I "solved" the issue by using an archive host:
```r
host <- "http://oct2016.archive.ensembl.org"
ensembl <- useMart("ensembl", host = "oct2016.archive.ensembl.org")
dat <- listDatasets(ensembl)
str(dat)
```
```
## 'data.frame': 69 obs. of 3 variables:
## $ dataset :Class 'AsIs' chr [1:69] "oanatinus_gene_ensembl" "cporcellus_gene_ensembl" "gaculeatus_gene_ensembl" "itridecemlineatus_gene_ensembl" ...
## $ description:Class 'AsIs' chr [1:69] "Ornithorhynchus anatinus genes (OANA5)" "Cavia porcellus genes (cavPor3)" "Gasterosteus aculeatus genes (BROADS1)" "Ictidomys tridecemlineatus genes (spetri2)" ...
## $ version :Class 'AsIs' chr [1:69] "OANA5" "cavPor3" "BROADS1" "spetri2" ...
```
```r
dim(dat)
```
```
## [1] 69 3
```
```r
dat[grepl("drerio", dat$dataset),]
```
```
## dataset description version
## 40 drerio_gene_ensembl Danio rerio genes (GRCz10) GRCz10
```
but using older annotations is a bit of an hack. Has anything changed recently in ensembl or `biomaRt` that explains the missing dataset and this instability?
```r
sessionInfo()
```
```
## R version 3.4.2 (2017-09-28)
## Platform: x86_64-pc-linux-gnu (64-bit)
## Running under: Ubuntu 16.04.3 LTS
##
## Matrix products: default
## BLAS: /usr/lib/libblas/libblas.so.3.6.0
## LAPACK: /usr/lib/lapack/liblapack.so.3.6.0
##
## locale:
## [1] LC_CTYPE=en_US.UTF-8 LC_NUMERIC=C
## [3] LC_TIME=de_DE.UTF-8 LC_COLLATE=en_US.UTF-8
## [5] LC_MONETARY=de_DE.UTF-8 LC_MESSAGES=en_US.UTF-8
## [7] LC_PAPER=de_DE.UTF-8 LC_NAME=C
## [9] LC_ADDRESS=C LC_TELEPHONE=C
## [11] LC_MEASUREMENT=de_DE.UTF-8 LC_IDENTIFICATION=C
##
## attached base packages:
## [1] methods stats graphics grDevices utils datasets base
##
## other attached packages:
## [1] biomaRt_2.34.0 knitr_1.17
##
## loaded via a namespace (and not attached):
## [1] Rcpp_0.12.14 AnnotationDbi_1.40.0 magrittr_1.5
## [4] BiocGenerics_0.24.0 progress_1.1.2 IRanges_2.12.0
## [7] bit_1.1-12 R6_2.2.2 rlang_0.1.4
## [10] stringr_1.2.0 blob_1.1.0 tools_3.4.2
## [13] parallel_3.4.2 Biobase_2.38.0 DBI_0.7
## [16] assertthat_0.2.0 bit64_0.9-7 digest_0.6.12
## [19] tibble_1.3.4 S4Vectors_0.16.0 bitops_1.0-6
## [22] RCurl_1.95-4.8 memoise_1.1.0 RSQLite_2.0
## [25] evaluate_0.10.1 stringi_1.1.6 compiler_3.4.2
## [28] prettyunits_1.0.2 stats4_3.4.2 XML_3.98-1.9
```
@moderators: I could not format the post properly due to an error:
Language "fr" is not one of the supported languages ['en']!

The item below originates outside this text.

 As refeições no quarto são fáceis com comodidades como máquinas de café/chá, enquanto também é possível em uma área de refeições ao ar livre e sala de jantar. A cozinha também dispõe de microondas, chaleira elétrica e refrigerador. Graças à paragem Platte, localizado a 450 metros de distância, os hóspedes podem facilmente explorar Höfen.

Post was copy-pasted from a markdown document generated via
knitr
, so no idea.You could instead of using an old archived version go for version 90 from August (http://Aug2017.archive.ensembl.org), which in many cases will have limited differences to the very latest release
Good tip. In my case it was a little lazy because I am also using the script to run some C. elegans data analysis and this will work for both - RIPSeeker needs
biomaRt/ensembl
so I need an archive version before the move to Wormbase. Another hack.